I do try to find things that can do both, but it is getting harder as he gets older. I am, however, loving having all the "boy" toys around that I never had as a kid (two girls) because nobody thought that I seriously wanted Legos. :p

KrystalS
10-22-2008, 11:50 AM
I'm so happy I'm not the only mom like this! I search and search for great Christmas/Bday gifts for DD. She always just asks for the stuff on commercials or what she sees in the store. But the stuff I think she'll like never get the same play time as the items she really wanted. We have so much family that buy for DD that I let her make a wishlist and she can put anything there she wants. I let other family members buy this stuff and I buy her different stuff that I think she will like.

firstbaby
10-22-2008, 01:50 PM
thanks for sharing your experiences with me and understanding what I was saying. Even as I was typing it, I wasn't sure I was expressing what I was thinking. But all of your responses were what I was looking for :) Your responses have me thinking I could to go with a hybrid approach this year and maybe get him the quality, long play value toys and give the grandparents toy suggestions that DS would love, even if they would break in a few days. I'm okay with one or two of them making their way in our house :)

Also, Beth, I love the insight that you shared for Sarah with the allowance. DS has a bank and we talk about saving money in our piggy bank to purchase things on his wish list, but that money normally comes in around holidays and birthdays. Allowance would give him a more "regular" source of income to make decisions with :)

niccig
10-22-2008, 02:40 PM
This struggle has just started with us. Family asked for ideas and at first most are what I think he needs. Eg. we need more books that have longer, more involved stories. But DS isn't going to go crazy over a book. He loves reading time, but it's not a present he'll flip over. We've started a wish list this year, and many I'm Ok with him having eg. a pedal bike. He really wants a transporter for his matchbox cars and he wants a rocket like is friend has, it's also matchbox. We got him the transporter and my sister is getting him the rocket. He told me he wanted legos like he has at school, and it turns out it's gears gears gears, so I'm talking that one up with the grandparents.

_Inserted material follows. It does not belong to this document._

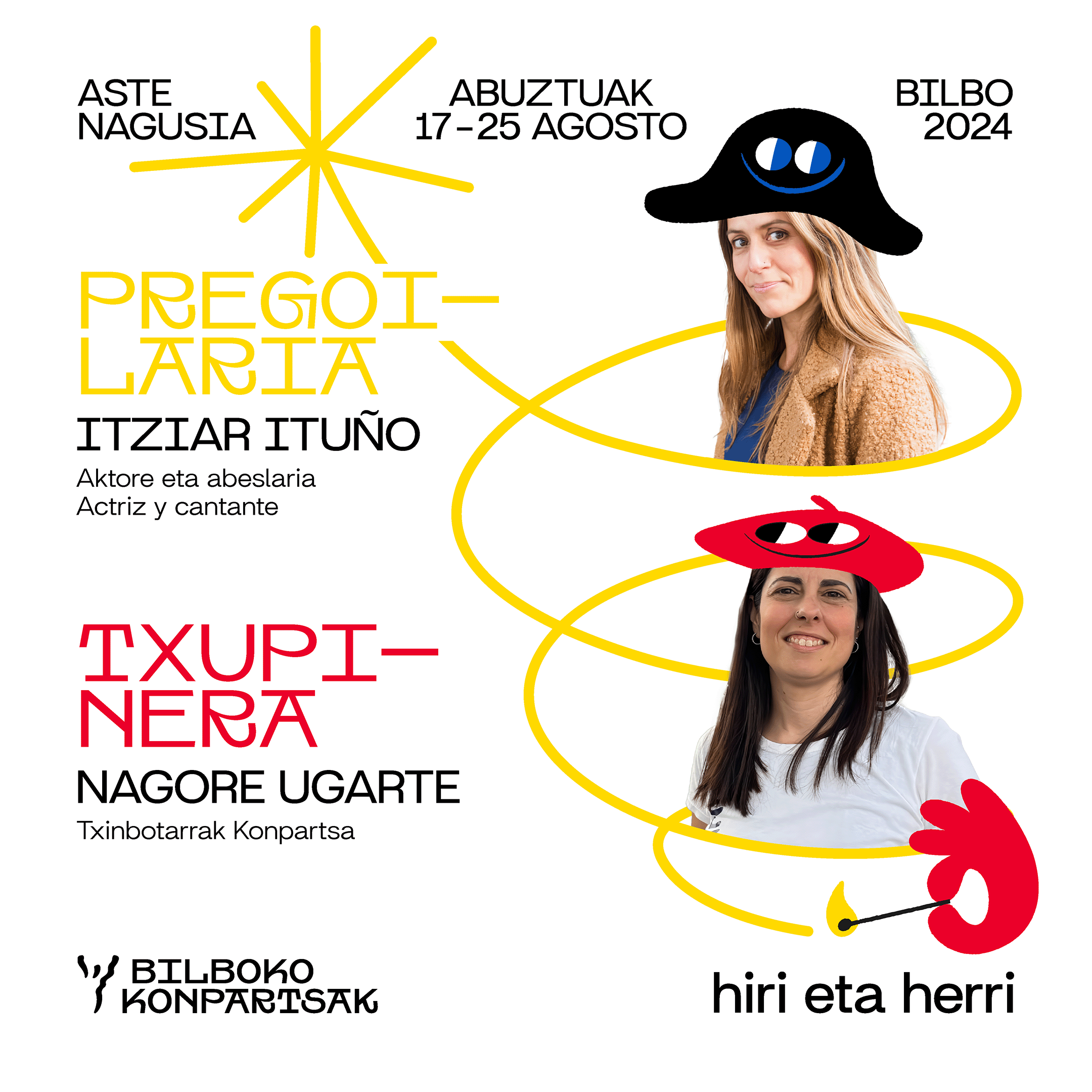 La Comisión Mixta de Fiestas de Bilbao ha anunciado hoy, lunes, quiénes serán la Txupinera y la Pregonera de la Aste Nagusia 2024. Serán, respectivamente, Nagore Ugarte e Itziar Ituño.

I think we're going to have to balance it - he has to get some things that he wants, even if I think it's an awful toy. I remember my cousin's reaction at 5 when all she got was clothes - her mother had recently separated from husband, no money and the daughter needed clothes, so we all gave her that. We should have given a small toy + clothes.

linsei
10-22-2008, 03:41 PM
I have been thinking about this lately. Mostly it was sparked when I heard a boy at preschool bragging about a cool Batman toy that he has. Ds1 responded with "Oh yeah? I have a Spiderman TOOTHBRUSH!"

I have been trying to avoid super hero toys, but it looks like I might have to give in a bit. I felt really guilty when all he had to brag about was a toothbrush.

He has a great imagination. I play "spiderman" and "Diego" all the time. He does not have any of the manufactured toys for either, it is all imaginative, but I think we probably will relax our standards a bit to let him have some of the things that are interesting to HIM, instead of what WE want him to have.